Design and Implements of WSD System Based on Chinese Real Text
|Course||Applied Computer Technology|
|Keywords||Natural Language Processing Word Sense Disambiguation Polysemy Real texts HowNet Relationship|
In Natural Language Processing (NLP), word sense disambiguation (Word Sense Disambiguation) has been the focus and difficulty of the study has important theoretical and practical significance of language information processing tasks. Word sense disambiguation task is an \speech recognition, natural language processing system. The main work of this paper is to study to get the support of knowledge of word sense disambiguation, and on this basis to establish a real text-oriented the substantival Chinese word sense disambiguation system.
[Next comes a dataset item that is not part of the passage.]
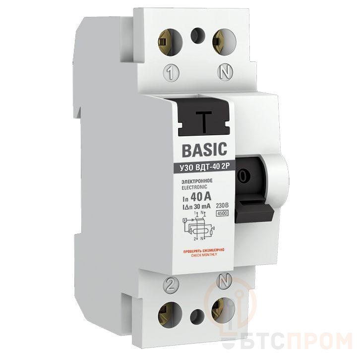 Выключатель дифференциального тока (УЗО) 2п 40А 30мА тип AC Basic электрон.EKF elcb-2-40-30e-sim фото в каталоге от BTSprom.by

Mainly from the following aspects: 1. Word Sense Disambiguation knowledge: word sense disambiguation acquisition of knowledge is a key problem of word sense disambiguation. Based on the analysis of word sense disambiguation required knowledge and knowledge resources knowledge, this paper studies the automatic acquisition of knowledge. And online knowledge system \support for disambiguation Knowledge Base. 2. Word sense disambiguation system design and implementation: Get syntactic information, frequency information, the role relationships between concepts, with information and word association context semantics (clustering), and choose to limit the information proposed a word sense disambiguation model news text corpus and extract the 56,000 word times, try to word sense disambiguation on which the content words (nouns, verbs, adjectives). The model includes the part of speech filter, local analyzers and match instance library. On this basis, we carried out the design and implementation of the system. 3. Word sense disambiguation system evaluation: news text corpus as an evaluation corpus, corpus aspects related to politics, sports, agriculture, science and technology. The text corpora First after Shanxi University segmentation and POS tagging system for processing, and then our system as the input object. The evaluation results show that the disambiguation effective system for Chinese real text disambiguation accuracy rate can reach 80%. In this paper, knowledge acquisition word sense disambiguation model to establish a multilingual knowledge combined experimental results show that good results disambiguation.